Un destello dorado en la mano de Camus llamó su atención, al momento que Kanon lo levantaba. Se extrañó de ver que Camus se abrazó a él, y todo su mundo se detuvo cuando su gemelo menor abrió sus ojos con sorpresa al tiempo que borbotones de sangre salían de su boca. Su cabello oscureció y sus ojos perdieron el escarlata, pero se mantenía de pie… inmóvil.
Los demás hombres se sorprendieron al ver que Camus se separaba de Kanon con una daga dorada en la mano. Tanto él como los demás entendieron en ese momento que sólo esa daga podría detenerlo.

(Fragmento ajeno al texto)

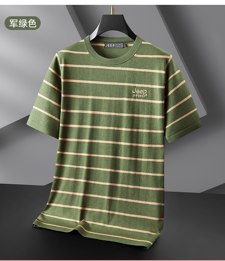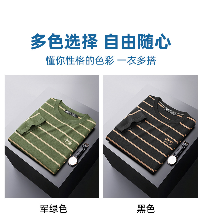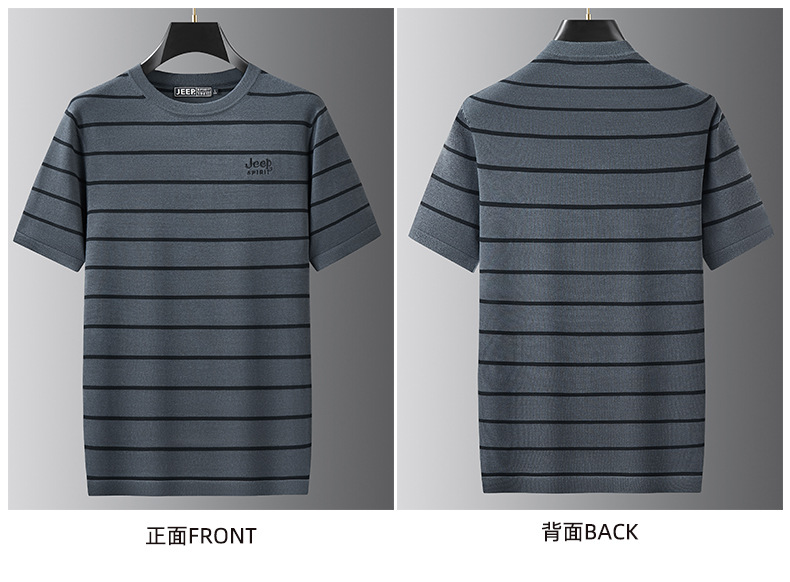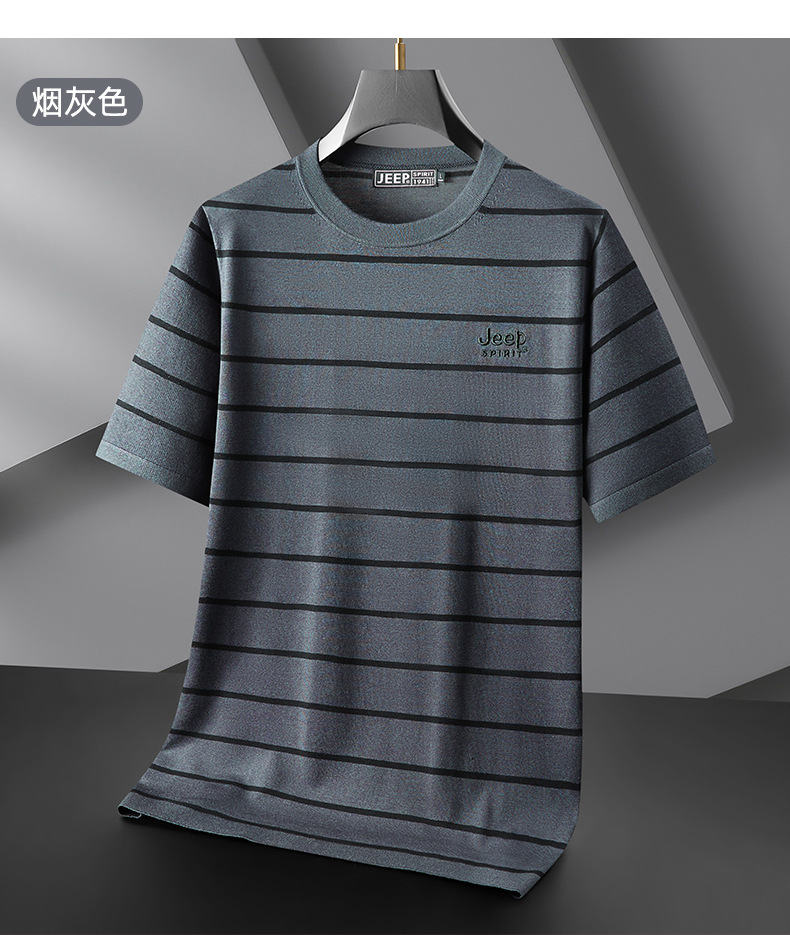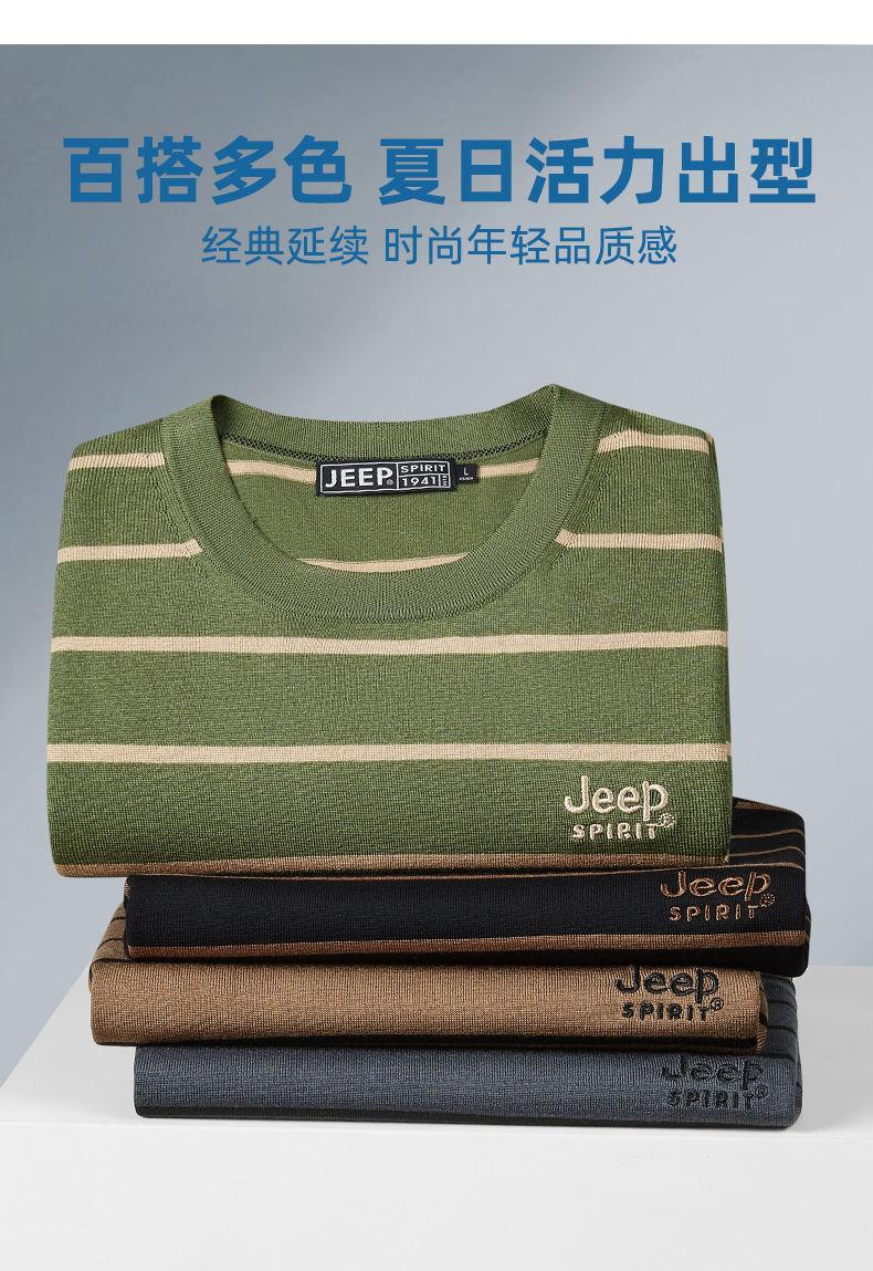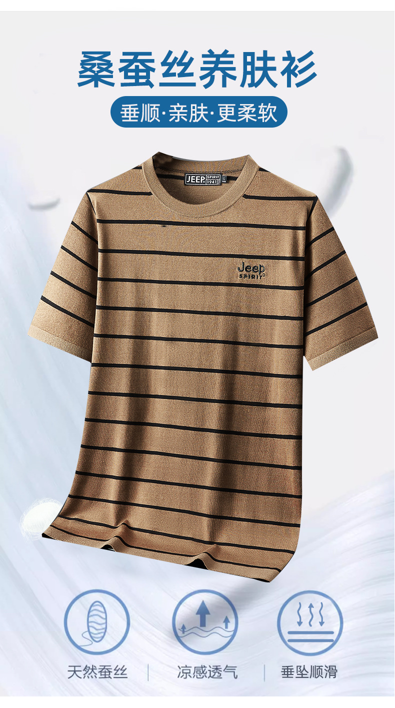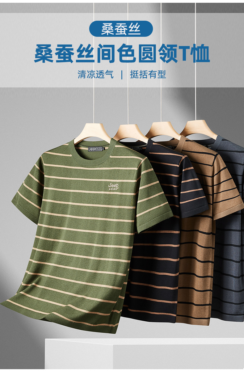 JEEP SPIRIT夏季新款桑蚕丝间色圆领短T恤干爽透气柔软亲肤吸湿速干休闲HY-TS68022

— Saga… mi… hermano… —sus ojos ahora de regreso a la normalidad, se llenaron de lágrimas mientras miraba a su hermano mayor— Perdóname… por favor perdóname…

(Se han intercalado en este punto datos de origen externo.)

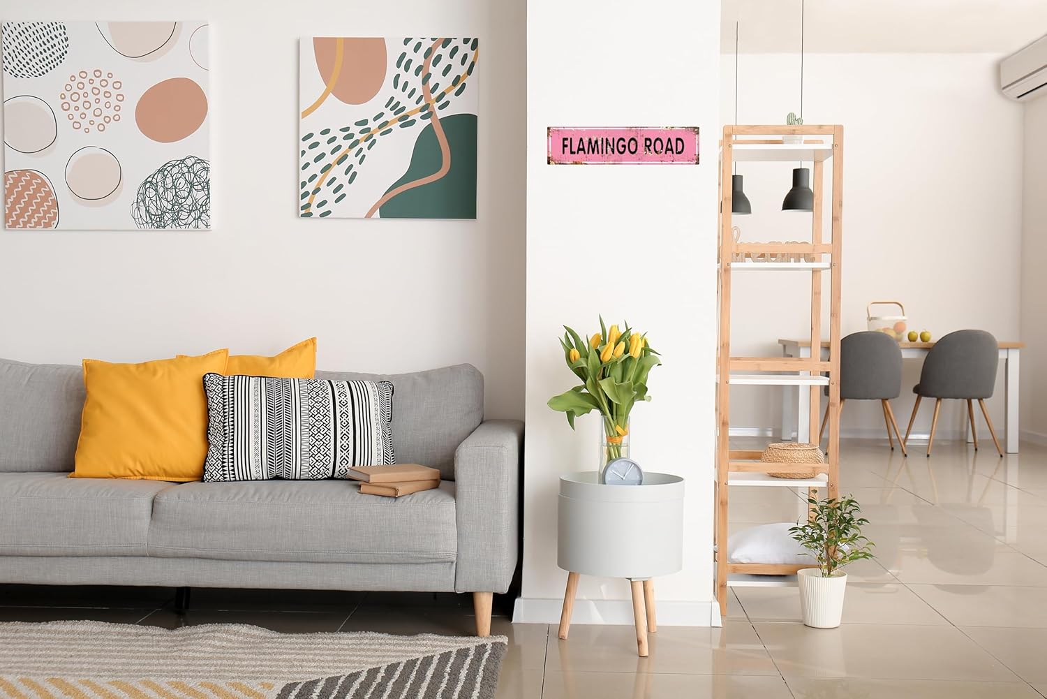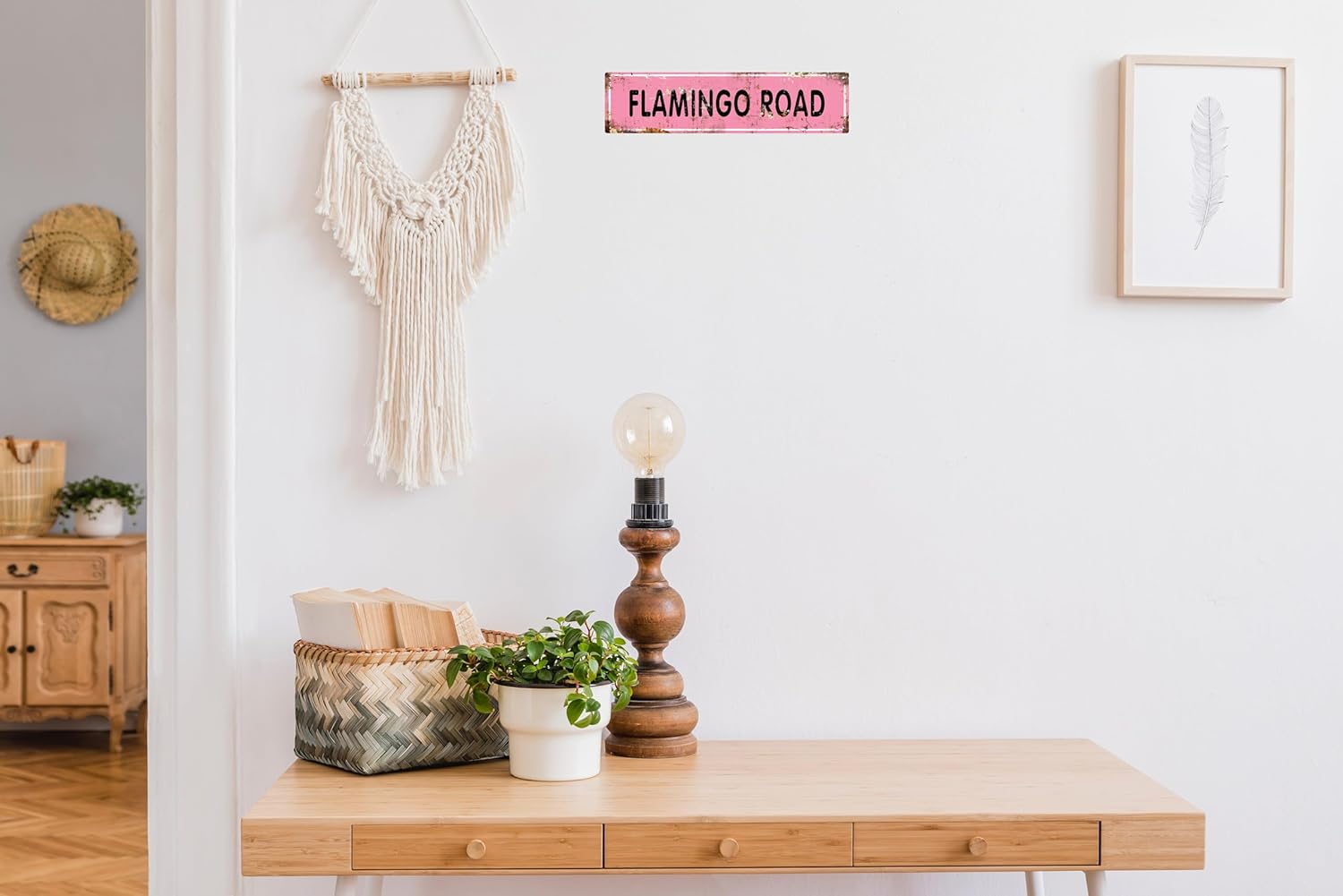 AWISZZZ Vintage Metal Tin Sign Retro Flamingo Road Signs Stylish Wall Art Plaques for Home Decor Bathroom Kitchen House and Gothic Wall Decor or as a Unique Poster 16x4 in

Saga se arrastraba hacia él, y lo mismo hacia el otro, pero la daga le había sido clavada por la espalda, directo al corazón, regalándole una inminente muerte. El menor se desplomó boca abajo, mientras todos los demás aflojaron la guardia y se aproximaron para ayudarle. Aunque no había nada que pudieran hacer por él.
— Bicho v—venenoso… cuídalo…— señaló a Milo, quien dio un respingo por la sorpresa— y Camus… Camus… dónde…
Camus estaba por salir de la casa, pero se detuvo en seco, de espaldas a todos. Kanon logró sentir su cosmos cerca y con mucho esfuerzo sonrió a medias.
— Cumplis…te… tu p—prome…sa…— escupió una bocanada de sangre y continuó— Gra…cias…
Dicho esto, Camus se retiró, sin siquiera voltear. Saga al fin llegó hasta su hermano y se hincó sobre él.
— Kanon… Hermano… yo pensé que todo estaba bien! ¡Te dije que debías aguantar!
— No soy… tan fuerte… como tú… —flexionó una mano con mucha dificultad y la elevó buscando la de su hermano— te amo, hermano…
Saga rodeó el cuerpo de su hermano con sus brazos y lo apretó contra el suyo, como si con ello pudiera alejarlo de la muerte. Sintió cómo su cosmos desapareció por completo, levantó los mechones de cabello que cubrían sus ojos y los halló vidriosos e inertes: se había ido.
Unas pocas horas después, Saga estaba saliendo del Santuario con una pequeña urna entre sus manos. Kanon quería que su cuerpo fuera incinerado para evitar cualquier posesión divina o resurrección. Lo que no sabía era dónde esparcir las cenizas, aunque quería quedarse con ellas para sentir a su mellizo cerca, sabía que no era lo correcto. El sonido de rápidos e irregulares pasos lo hicieron voltear, para encontrarse con un paliducho y demacrado Santo de Aries. Llevaba en manos un bulto de tela amorfo.
— ¡Saga! ¡Saga espera por favor! –gritaba sin aliento. Se detuvo una vez alcanzó al peliazul.
— ¡Mu! ¿Estás bien?
— Sí, Saga… lo siento mucho, amigo— dijo el pelilila con pesar— Kanon se esforzó como pudo pero… tú lo sabes, ¿verdad? Sabes que estaba en un callejón sin salida…
El geminiano iba a responder pero se le hizo un nudo en la garganta, así que prefirió asentir y tragarse sus palabras.
— ¿Ya conseguiste a Aldebarán?
— ¡Sí! Lo encontramos en el Coliseo… Y bueno, esto… —Mu señaló el bulto que llevaba y lo colocó a los pies de su compañero— Quería probar construir una armadura dorada y probé duplicar la armadura de Géminis… Camus me ayudó con su sangre, pero me faltó el casco, no tuve el tiempo para terminarlo…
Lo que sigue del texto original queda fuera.